Das Maßnahmenpaket 2 sehen wir differenziert. Jedoch zeigen Rückmeldungen aus einzelnen, dass Sicherheitsaspekte, Auslastung und die Situation von Schülerinnen und Schülern sowie Schichtarbeitenden sorgfältig berücksichtigt werden müssen.

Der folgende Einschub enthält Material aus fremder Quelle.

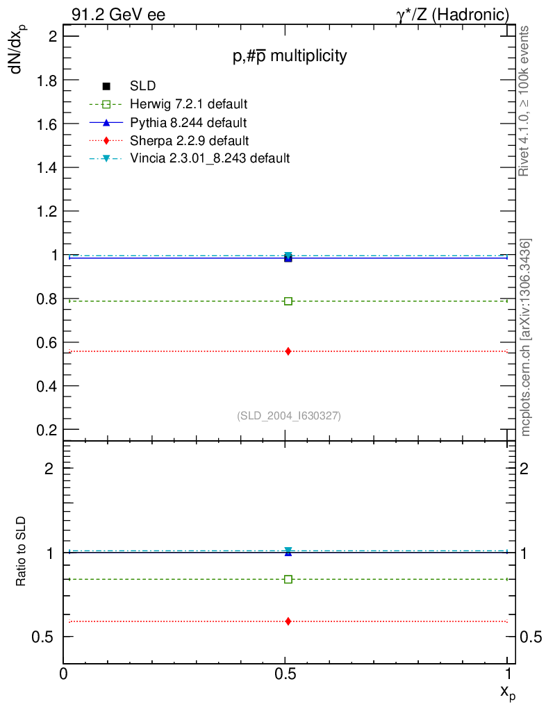 ee : γ*/Z (hadronic) : Identified Particles : p multiplicity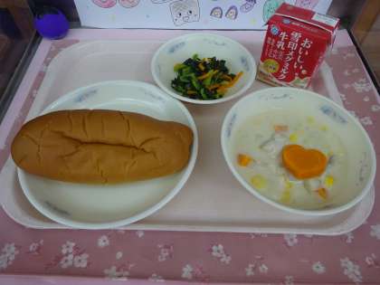 今日の給食は、黒糖コッペパン・牛乳・コーンのクリームシチュー・小松菜のソテーでした。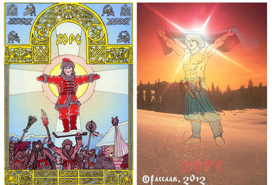 ИМЯ: изначально сдлово «Хорс» имеет корень «хор», обозначает «круг» или «окружность», что, впрочем, так же отражается его явную связь с круглым солнечным диском.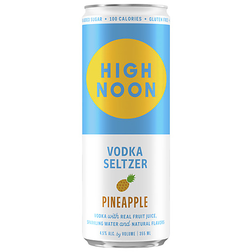 Live like the sun's out with High Noon Pineapple Vodka Seltzer. Made with real vodka & real juice, sparkling water and natural flavors, this vodka seltzer features juicy and sweet pineapple flavors in a crisp, lively, sparkling drink. With 100 calories, this pineapple hard seltzer is gluten free with no added sugar. Just toss these cans in the cooler or the fridge for convenient drinks during your next sunny adventure. High Noon Pineapple Vodka Seltzer is perfect when sipped ice cold at a backyard barbecue or for day drinking by the pool. Each can has 4.5% alcohol by volume.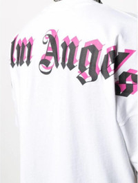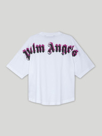 Bold minimalism. This oversized white t-shirt features the signature palm angels gothic logo at the collar, clean design with a streetwear twist. DETAILS - FABRIC 100% COTTON - RIB DETAIL 100% COTTON - Code: PMAA002C99JER0080132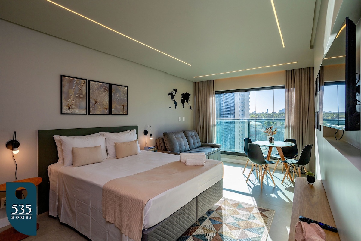 Estúdio no Caminho das Árvores, com tecnologia e conforto. Perto do Shopping da Bahia, metrô e rodoviária, ao lado da Av. Tancredo Neves – centro empresarial de Salvador. Ideal para até 3 hóspedes, com cama de casal + auxiliar retrátil, ar-condicionado, Smart TV 42" com assinatura Netflix, Wi-Fi rápido e Alexa para controlar luzes, TV e ar por comando de voz. Cozinha equipada e enxoval completo. O prédio oferece piscina rooftop, academia, coworking, lavanderia, mini-mercado e portaria 24h.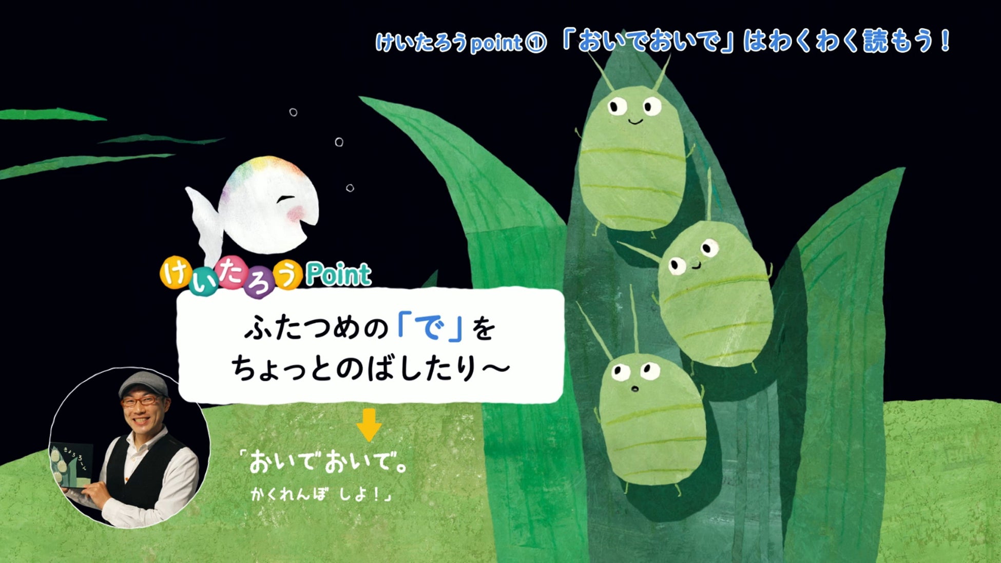 「おいでおいで~」と2こめの「で」を少しのばすとやさしく語りかけるように聞こえることや、「おいで」「おいで」と区切って読まずに、ひと息で読むと楽しい感じがかもしだされることなど、すぐにマネできそうなポイントがテロップ『けいたろうPoint』となって現れるのです。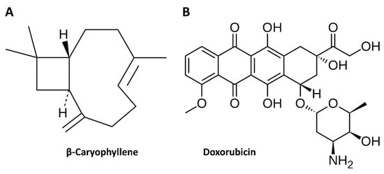 Molecular structure of the natural sesquiterpene β-caryophyllene (A) and the anticancer drug doxorubicin (B).
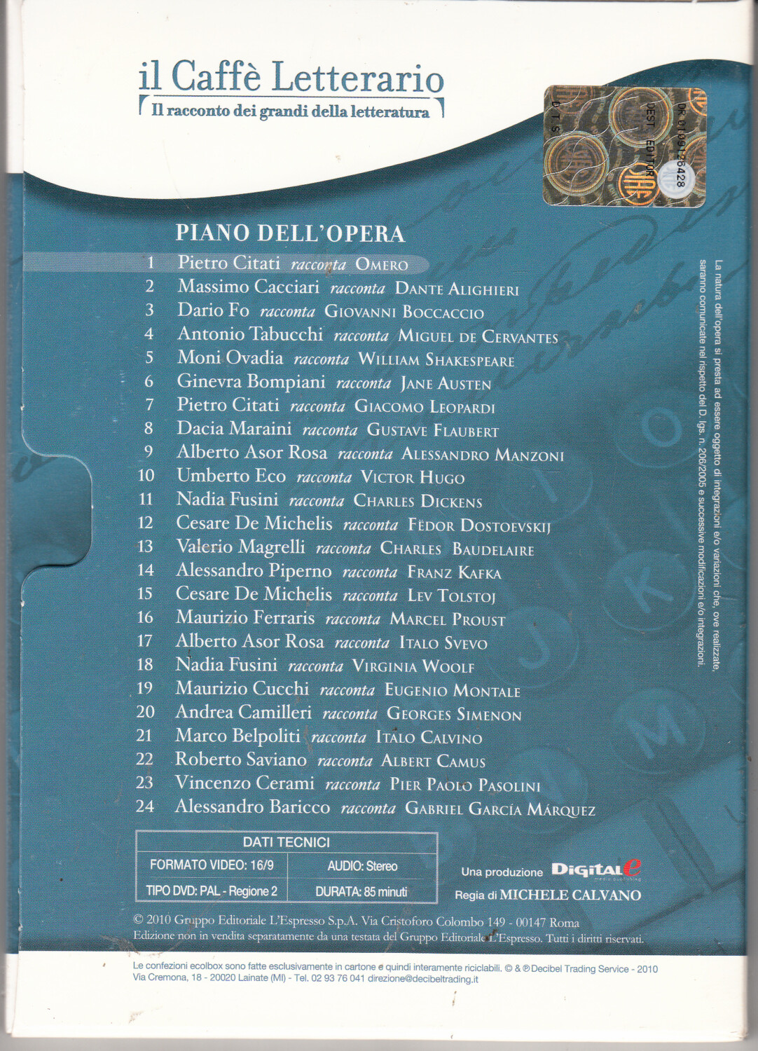 | Titolo: | Il Caffe’ Letterario. Opera Completa con n. 25 DVD in Italiano con Cofanetto. Versione da Edicola |

Vor diesem Hintergrund beantragen wir die einzelnen Maßnahmen in den Paketen einzeln abzustimmen und folgende Änderungen vorzusehen.

Maßnahmenpaket 1
Wir begrüßen, dass die bestehenden Tempo 30 Zonen erhalten werden und das zukünftige Tempo 30 unter Berücksichtigung auch der Bedürfnisse des ÖPNV betrachtet werden.

Maßnahmenpaket 2
Auf der Linie 11 sollen die vom Gemeinderat beschlossenen, über den NVP hinausgehenden Linien erhalten bleiben
Die Linie 12 soll im bestehenden Umfang erhalten bleiben.

Maßnahmenpaket 3
Die Randzeiten der Linien 7, 8, 11, 12 und 13 sollen erhalten bleiben.

Finanzierung 
Um Angebotskürzungen in Randzeiten zu vermeiden, halten wir es für notwendig, auch die Finanzierungsfrage offen zu diskutieren. Vor dem Hintergrund, dass die in den Haushaltsberatungen zu Grunde gelegte Finanzlücke nun geschlossen ist, beantragen wir, einen Vorschlag für eine mögliche zusätzliche Unterstützung der SWU Verkehr GmbH aus dem städtischen Haushalt zu erarbeiten und die hierfür erforderliche Zuschusshöhe darzustellen.

On-Demand Angebot
Wir bitten, darum perspektivisch ein On-Demand Angebot zur Erweiterung des ÖPNV-Angebotes für die Ortschaften zu prüfen.